**What to produce:** Exactly and only the lines below from the one containing "画像や映像を使用し、最新の世界遺産情報を提供します" down to the one containing "रामपुर, अमृत विचार" are wanted, both included; please exclude every picture.

**Listed entries:**
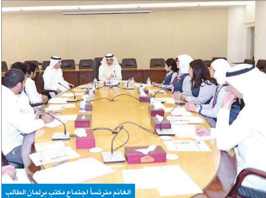
الغائم مترأساً اجتماع مكتب برلمان الطالب

لاول مرة بحث وإقرار جدول أعمال برلمان الطالب الذي يعقد جلسته السنوية اليوم في قاعة عبدالله السالم.
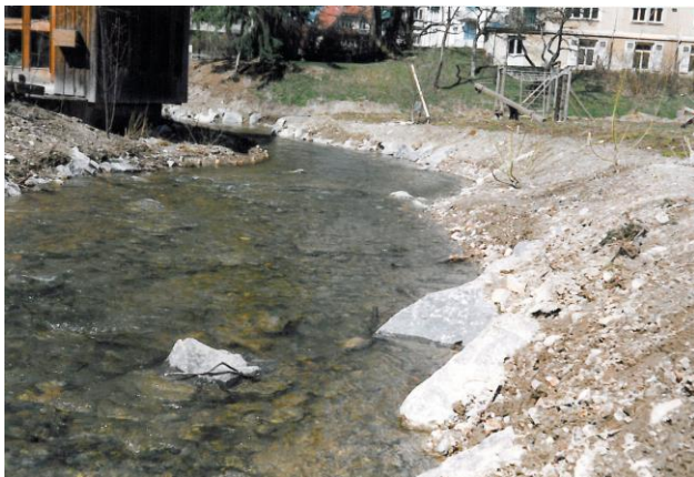
unmittelbar nach Bauausführung
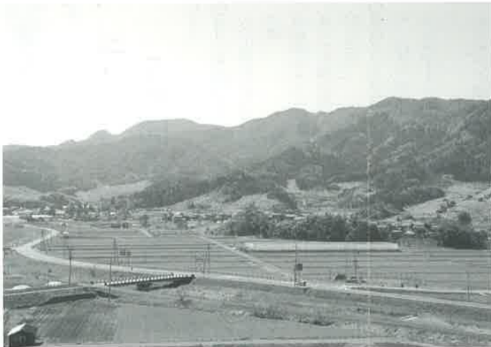
▶新田集落「田んぼの学校イン新田」の様子 ▲湯梨浜町国信の風景

2009年4月30日発行 東京鳥取県人会事務局 〒102-0093 東京都千代田区平河町2-6-3 都道府県会館10F 電話 03(5212)9178 FAX 03(5212)9079 発行責任者 / 上村正明 編集 / 県人会広報部会 http://www.pref.tottori.lg.jp/tokyoffice
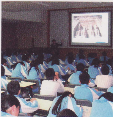
画像や映像を使用し、最新の世界遺産情報を提供します

富士山の自然や文化、世界遺産について学んでいただくために、専門知識を有した講師を派遣し、世界遺産の基礎知識や登録に向けての取組状況を解説します。昨年度は、小中高合わせて11校、約650人が受講しました。
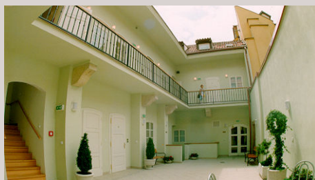
■ Penzion Anežka – rekonstrukce objektu
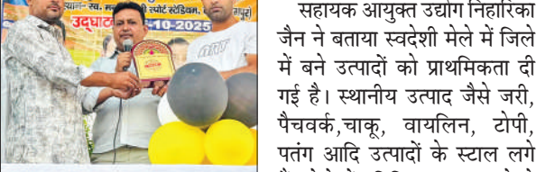
विजयी टीम को पुरस्कार देते मुख्य अतिथि।

रामपुर, अमृत विचार : रोशन बाग में स्वदेशी मेले का आयोजन हो रहा है। शुक्रवार को सांस्कृतिक संस्था में दयावती मोदी एकेडमी के शिक्षकों द्वारा गीत गाए।
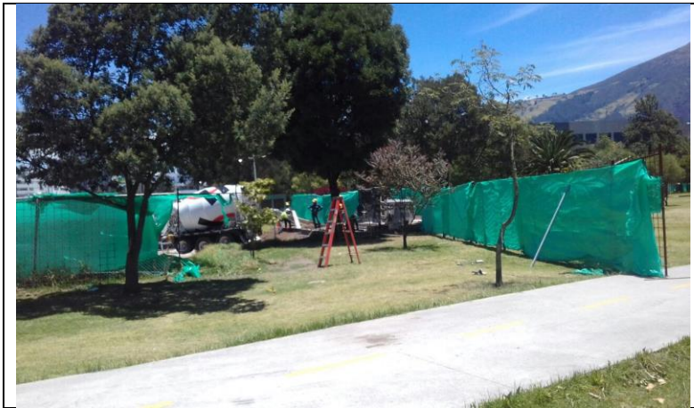
Estación Carolina-Ampliación TBM

**Output:**
画像や映像を使用し、最新の世界遺産情報を提供します

富士山の自然や文化、世界遺産について学んでいただくために、専門知識を有した講師を派遣し、世界遺産の基礎知識や登録に向けての取組状況を解説します。昨年度は、小中高合わせて11校、約650人が受講しました。
■ Penzion Anežka – rekonstrukce objektu
विजयी टीम को पुरस्कार देते मुख्य अतिथि।

रामपुर, अमृत विचार : रोशन बाग में स्वदेशी मेले का आयोजन हो रहा है। शुक्रवार को सांस्कृतिक संस्था में दयावती मोदी एकेडमी के शिक्षकों द्वारा गीत गाए।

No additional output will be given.